Your task: Give the listing again word for word. Leave every image out.

Information provided:
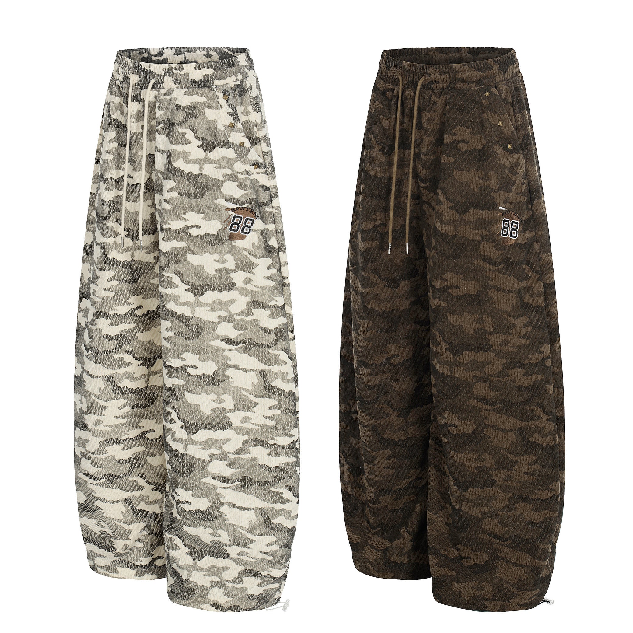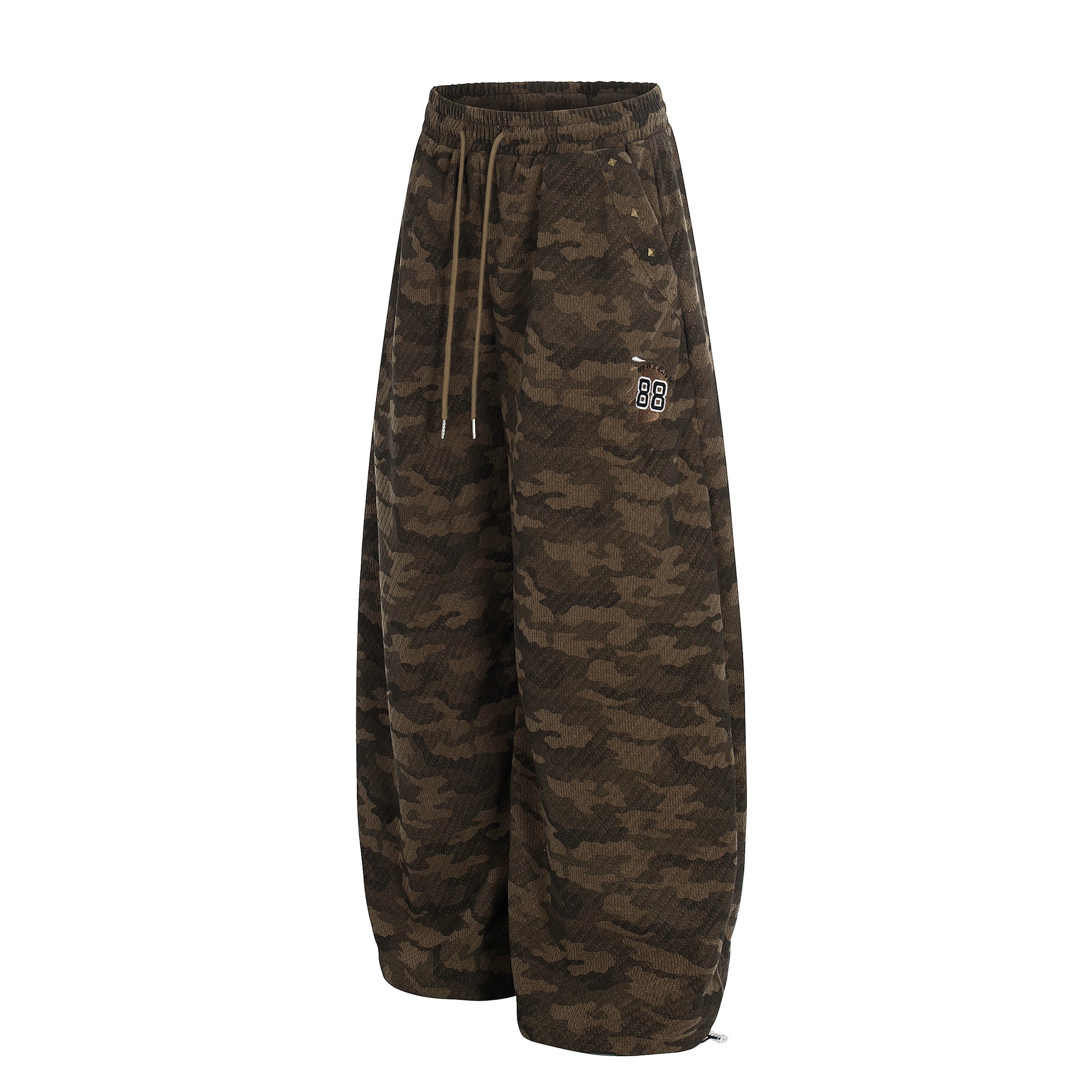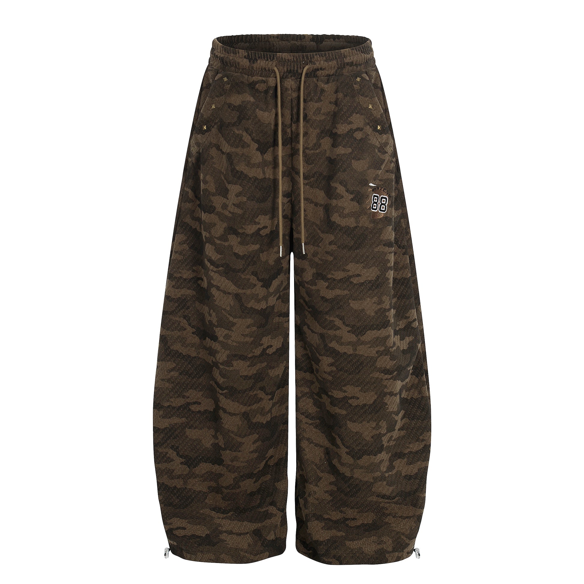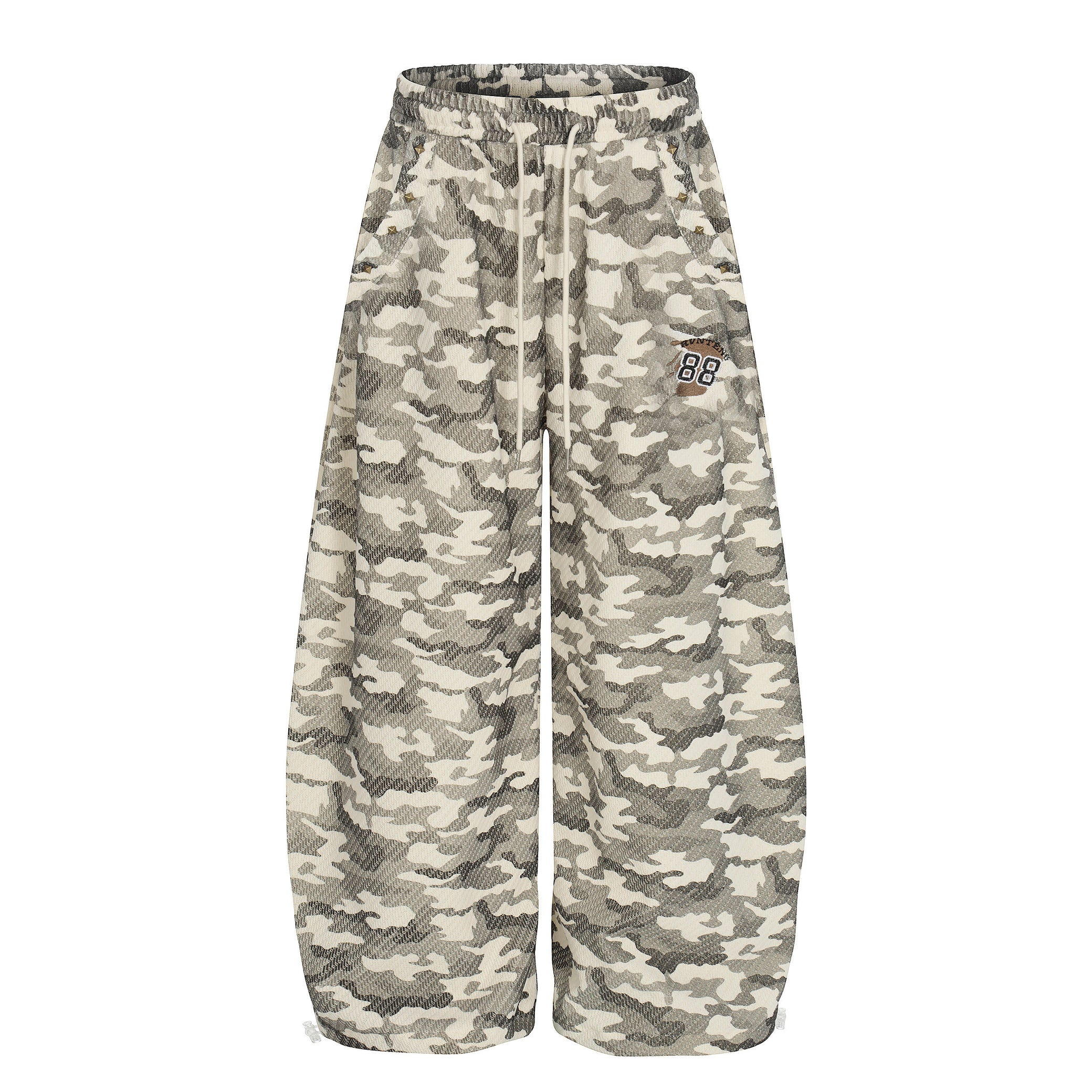 Clothing details: Vintage camo print finish, elastic waistband with adjustable drawstring, wide-leg cut with stacked drape, soft yet structured athletic fabric, breathable and comfortable for all-day wear, small embroidered number detail, relaxed streetwear fit with strong silhouette presence.
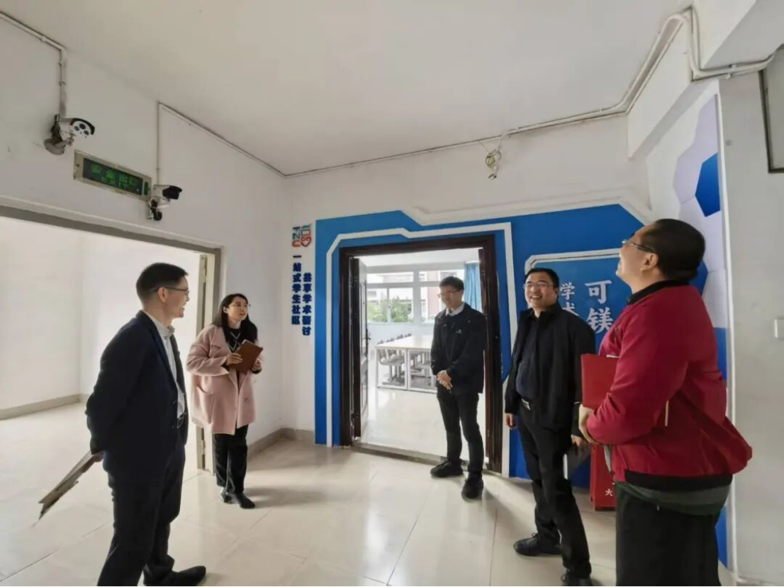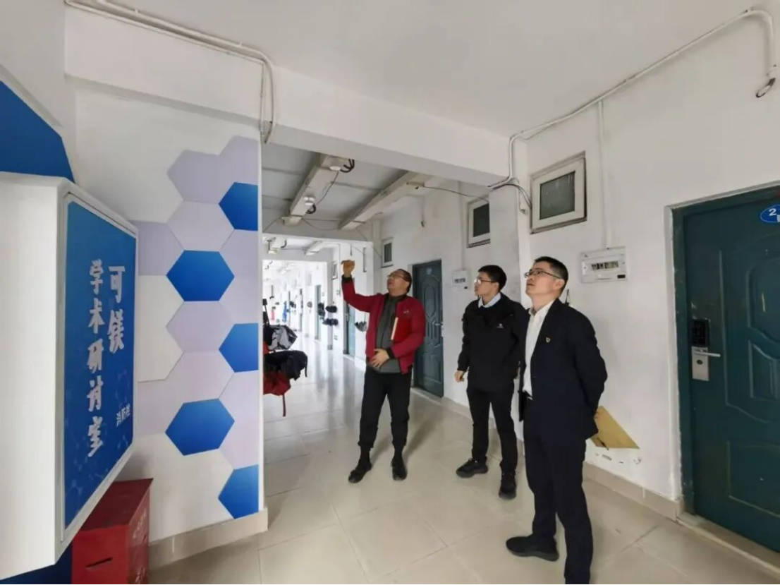 会后,邱启荣主任一行前往博学苑A区27号楼“可镁温暖社区”走访调研,实地察看共享空间、生活设施及文化建设情况。针对3层共享空间存在的网络线路问题,现场研究并提出了切实可行的解决方案。
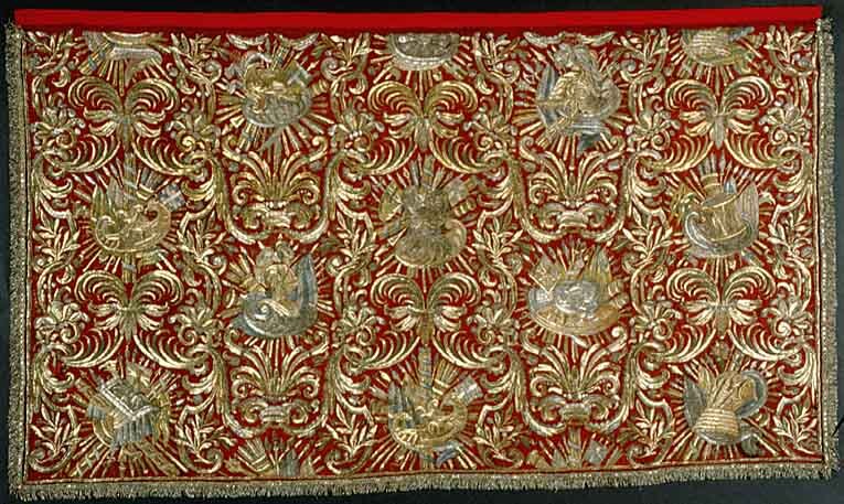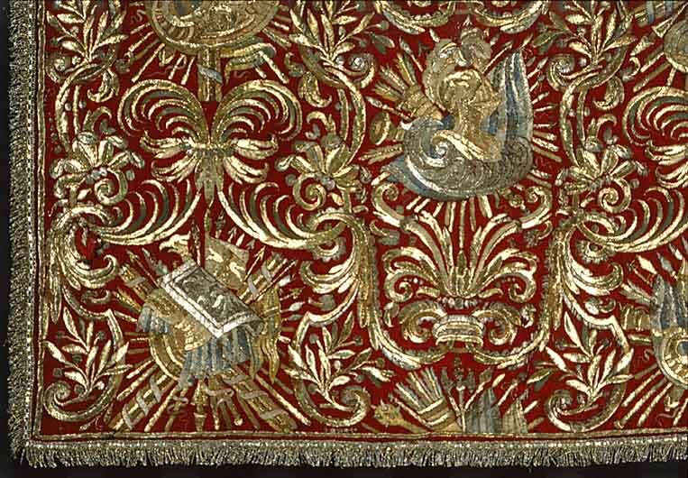 - 6 st Gardiner af rödt silke, broderade på båda sidor med silfver-, guld-, och silke; på tre sidor smala guld- ochsilfverfransar; 1 söndrig och utan fransar
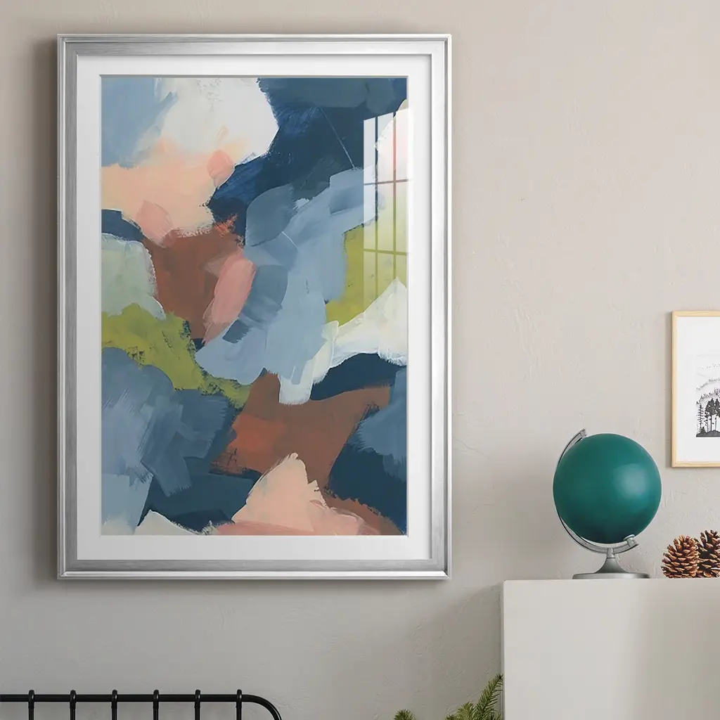 Soft Indigo Atmosphere II Premium Framed Print - Ready to Hang A Premium Framed Print created to last. Framed in distressed wood and available in an array of sizes and colors Featuring a beveled a solid wood stretcher bar, each piece comes ready to hand 4 SIZES AVAILABLE 30.5''X42.5'' - Overall Size 26.5'X36.5'' - Overall Size 22.5''x30.5'' - Overall Size 18.5''x24.5'' - Overall Size Each piece is made to order. Each piece comes with hanging hardware. Made in the USA Ready to Hang Giclee Paper Print Acrylic Glass Beveled Matt Board
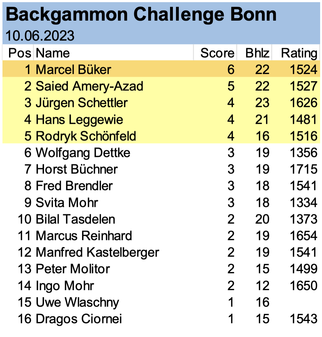 Eine hervorragende Location mit guter Bewirtung, leicht erreichbar direkt am Hauptbahnhof, ein Turniermodus der jedem 6 Matches garantiert, das sind nur einige der Pluspunkte der Bonner Turniere. Nur bei der Beteiligung gibt es noch Luft nach oben. Kommt mal nach Bonn, wir spielen dort in den nächsten Monaten immer am zweiten Samstag.

Answer section:
 Clothing details: Vintage camo print finish, elastic waistband with adjustable drawstring, wide-leg cut with stacked drape, soft yet structured athletic fabric, breathable and comfortable for all-day wear, small embroidered number detail, relaxed streetwear fit with strong silhouette presence.
 会后,邱启荣主任一行前往博学苑A区27号楼“可镁温暖社区”走访调研,实地察看共享空间、生活设施及文化建设情况。针对3层共享空间存在的网络线路问题,现场研究并提出了切实可行的解决方案。
 - 6 st Gardiner af rödt silke, broderade på båda sidor med silfver-, guld-, och silke; på tre sidor smala guld- ochsilfverfransar; 1 söndrig och utan fransar
 Soft Indigo Atmosphere II Premium Framed Print - Ready to Hang A Premium Framed Print created to last. Framed in distressed wood and available in an array of sizes and colors Featuring a beveled a solid wood stretcher bar, each piece comes ready to hand 4 SIZES AVAILABLE 30.5''X42.5'' - Overall Size 26.5'X36.5'' - Overall Size 22.5''x30.5'' - Overall Size 18.5''x24.5'' - Overall Size Each piece is made to order. Each piece comes with hanging hardware. Made in the USA Ready to Hang Giclee Paper Print Acrylic Glass Beveled Matt Board
 Eine hervorragende Location mit guter Bewirtung, leicht erreichbar direkt am Hauptbahnhof, ein Turniermodus der jedem 6 Matches garantiert, das sind nur einige der Pluspunkte der Bonner Turniere. Nur bei der Beteiligung gibt es noch Luft nach oben. Kommt mal nach Bonn, wir spielen dort in den nächsten Monaten immer am zweiten Samstag.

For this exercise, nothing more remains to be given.